*** Opening of Task data ***

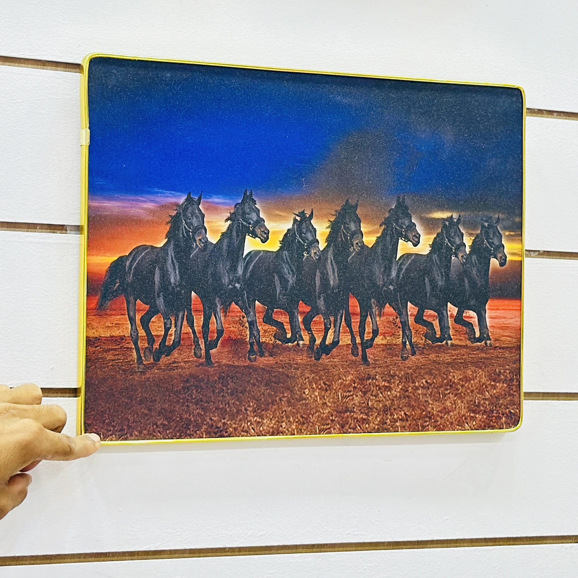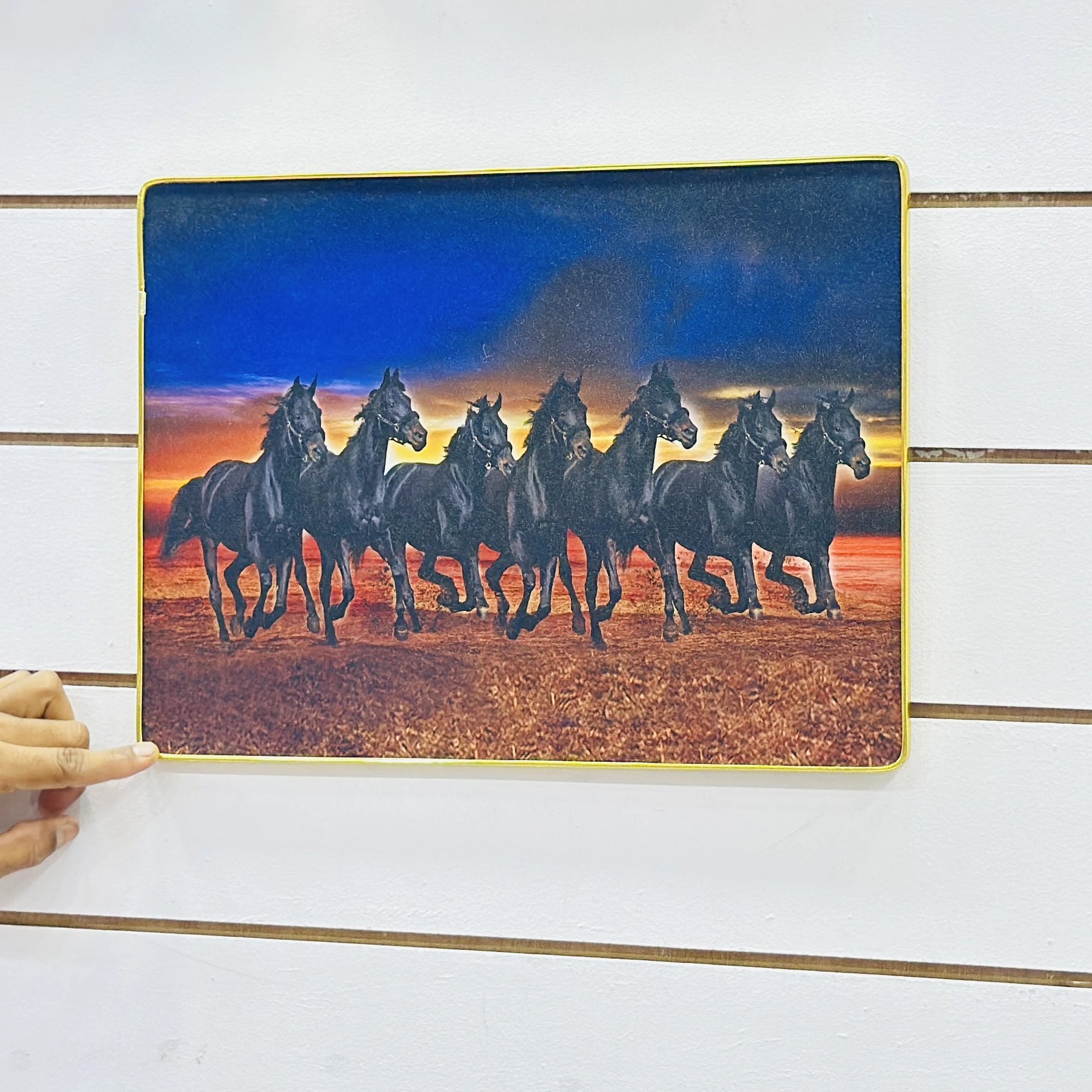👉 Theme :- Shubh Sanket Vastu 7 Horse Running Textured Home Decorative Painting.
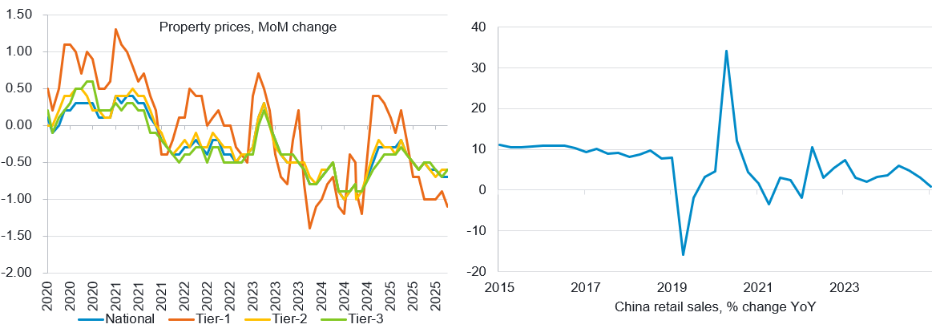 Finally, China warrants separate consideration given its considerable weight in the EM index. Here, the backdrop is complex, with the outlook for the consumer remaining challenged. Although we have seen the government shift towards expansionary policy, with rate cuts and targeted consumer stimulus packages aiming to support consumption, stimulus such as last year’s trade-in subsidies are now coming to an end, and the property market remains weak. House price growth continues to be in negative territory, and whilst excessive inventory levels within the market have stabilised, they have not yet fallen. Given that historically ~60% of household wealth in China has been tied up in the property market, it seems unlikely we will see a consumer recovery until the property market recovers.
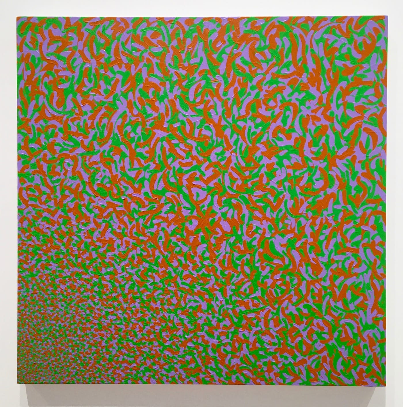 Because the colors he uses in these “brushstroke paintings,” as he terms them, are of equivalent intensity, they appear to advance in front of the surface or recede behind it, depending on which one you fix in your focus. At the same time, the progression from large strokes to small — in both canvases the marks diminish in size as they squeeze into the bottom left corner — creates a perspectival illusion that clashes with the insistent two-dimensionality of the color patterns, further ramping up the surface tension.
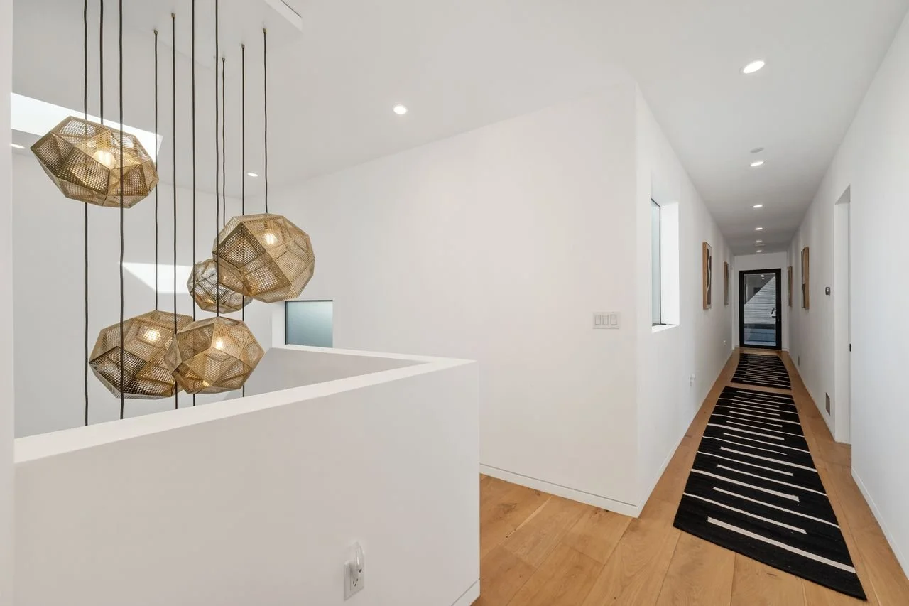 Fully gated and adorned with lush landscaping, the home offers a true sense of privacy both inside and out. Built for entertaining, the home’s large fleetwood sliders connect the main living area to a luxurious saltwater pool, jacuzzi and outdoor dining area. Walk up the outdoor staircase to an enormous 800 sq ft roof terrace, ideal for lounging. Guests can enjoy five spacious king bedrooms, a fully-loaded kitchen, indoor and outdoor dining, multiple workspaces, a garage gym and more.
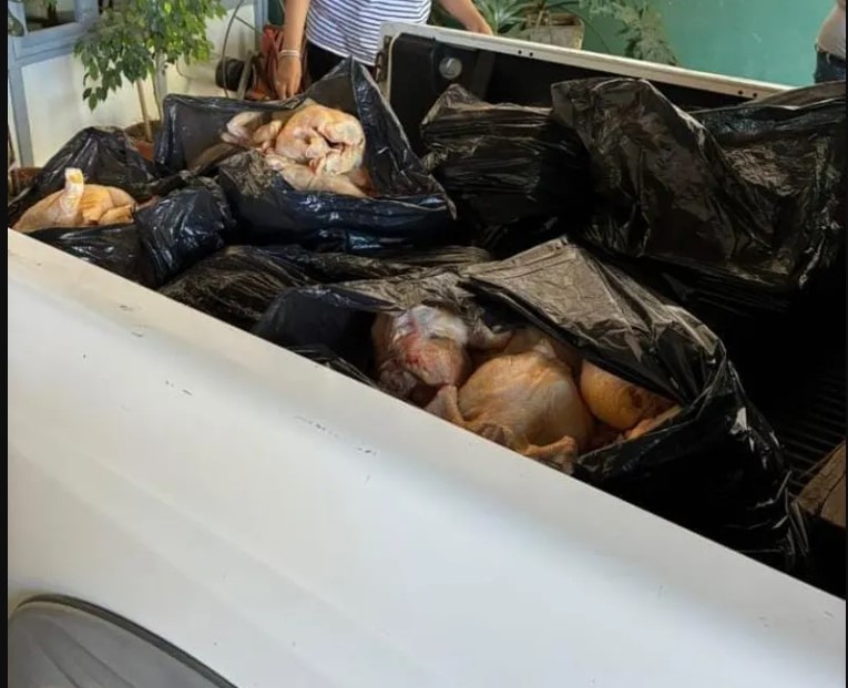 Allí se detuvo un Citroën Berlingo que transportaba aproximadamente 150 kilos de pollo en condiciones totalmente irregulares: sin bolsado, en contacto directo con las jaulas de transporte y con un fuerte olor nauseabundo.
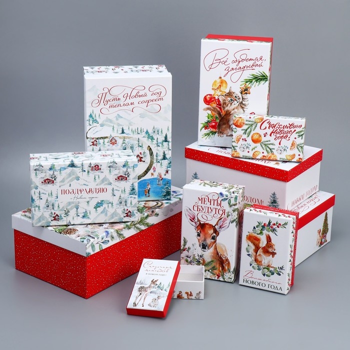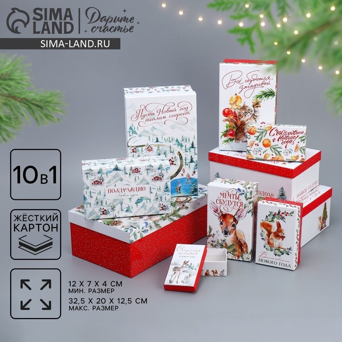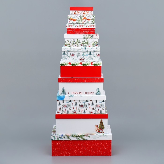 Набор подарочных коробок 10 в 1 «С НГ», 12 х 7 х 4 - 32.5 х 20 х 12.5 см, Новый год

*** Close of Task data ***

Exercise brief
Copy out exactly the lines above beginning with the line that contains "Because the colors" and finishing with the line that contains "Fully gated and", including both; leave the pictures out.

Result for this exercise
 Because the colors he uses in these “brushstroke paintings,” as he terms them, are of equivalent intensity, they appear to advance in front of the surface or recede behind it, depending on which one you fix in your focus. At the same time, the progression from large strokes to small — in both canvases the marks diminish in size as they squeeze into the bottom left corner — creates a perspectival illusion that clashes with the insistent two-dimensionality of the color patterns, further ramping up the surface tension.
 Fully gated and adorned with lush landscaping, the home offers a true sense of privacy both inside and out. Built for entertaining, the home’s large fleetwood sliders connect the main living area to a luxurious saltwater pool, jacuzzi and outdoor dining area. Walk up the outdoor staircase to an enormous 800 sq ft roof terrace, ideal for lounging. Guests can enjoy five spacious king bedrooms, a fully-loaded kitchen, indoor and outdoor dining, multiple workspaces, a garage gym and more.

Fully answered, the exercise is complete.